Sorry, but you made a very small mistake …. It should be UNION ALL and not just UNION . As you know, UNION without attribute is UNION DISTINCT.

David

testing on my notebook and utest with more than 1,000,000 rows, with mysql 5.0.45

(SELECT * FROM utest WHERE c1=5) union (SELECT * FROM utest WHERE c2=5) ORDER BY ord DESC LIMIT 10;
10 rows in set (0.31 sec)

(SELECT * FROM utest WHERE c1=5 ORDER BY ord DESC LIMIT 10) union (SELECT * FROM utest WHERE c2=5 ORDER BY ord DESC LIMIT 10) ORDER BY ord DESC LIMIT 10
10 rows in set (0.25 sec)

the speed is not so big differenet than you did

Sinisa Milivojevic

Peter,

You are right about rows with A=5 and B=5 being included twice, but you can add … AND B != 5 .. etc… It would still be significantly faster then with UNION DISTINCT.

David

Peter,
Sorry I made a mistake. Finally the query
(SELECT * FROM utest WHERE c1=5 ORDER BY ord DESC LIMIT 10) union (SELECT * FROM utest WHERE c2=5 ORDER BY ord DESC LIMIT 10) ORDER BY ord DESC LIMIT 10,takes only 0.03

Deepali

thanks a lot i was searching for one of my query, i would love to specially thanks to Devid. because i just wanted query which he has posted here.
many thanks.

Ken

I’m creating a shopping cart type system where users can add a bunch of products. It’s important that users can change the display order of products. This way they can showcase certain items on top.

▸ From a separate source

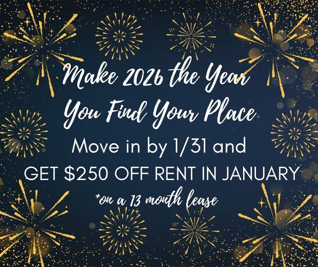 Move in by 1/31 and GET $250 OFF FIRST MONTH'S RENT!~~Move in by 1/31 and GET $250 OFF FIRST MONTH'S RENT!

All of this is stored in the database obviously.

There is a problem though, and it’s with the sort order storage in the database. For instance, if I have 5 products, I can set it like this:

01 A
10 B
20 C
30 D
40 E

The number is the “sort” field, and the letter is the “product” field. I’d then set an index for the “sort” field and the listings would be fast.

Now, suppose I wanted to re-order E to position number two (right now it’s position number 5). I could do this:

01 A
05 E
10 B
20 C
30 D

The problem here is, if I keep re-sorting, I’d run out of numbers in between and will have to re-order everything. This can be a potential nightmare if I have thousands of products.

Is there a better way of doing this?